- [Task goal] Exactly and only the lines below from the one containing "Les Tote Bags" down to the one containing "A magnetic glitter" are wanted, both included; please exclude every picture.

- [Data supplied]
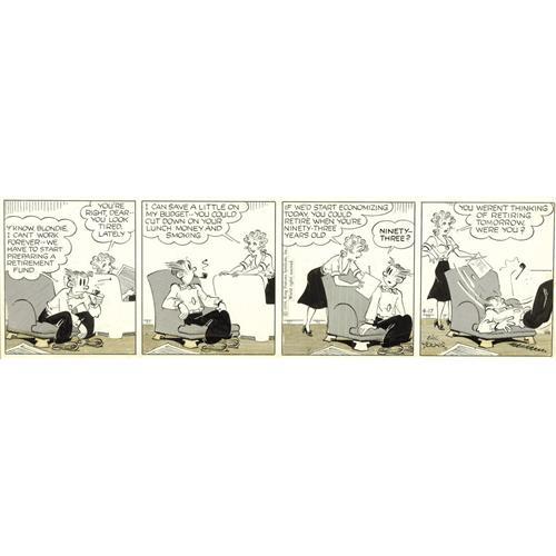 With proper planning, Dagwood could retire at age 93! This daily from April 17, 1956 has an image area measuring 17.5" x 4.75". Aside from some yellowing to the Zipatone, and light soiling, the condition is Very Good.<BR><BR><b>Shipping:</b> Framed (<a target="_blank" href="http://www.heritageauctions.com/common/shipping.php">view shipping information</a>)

--

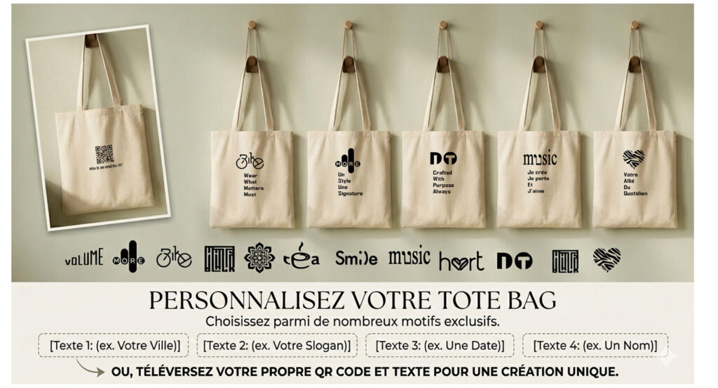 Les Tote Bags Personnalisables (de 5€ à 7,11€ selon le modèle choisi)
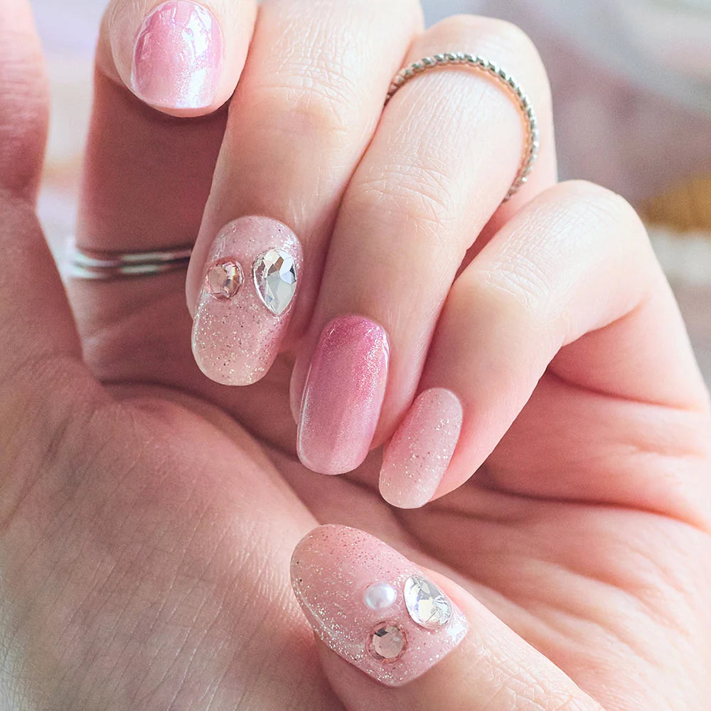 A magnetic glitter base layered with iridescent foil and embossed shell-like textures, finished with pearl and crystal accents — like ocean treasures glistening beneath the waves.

==

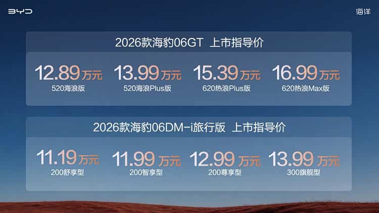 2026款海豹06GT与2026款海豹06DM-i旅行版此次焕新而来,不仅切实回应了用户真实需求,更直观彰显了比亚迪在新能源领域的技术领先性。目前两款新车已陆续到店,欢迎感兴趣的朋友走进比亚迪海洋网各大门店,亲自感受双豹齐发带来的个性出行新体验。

- [Exercise answer]
 Les Tote Bags Personnalisables (de 5€ à 7,11€ selon le modèle choisi)
 A magnetic glitter base layered with iridescent foil and embossed shell-like textures, finished with pearl and crystal accents — like ocean treasures glistening beneath the waves.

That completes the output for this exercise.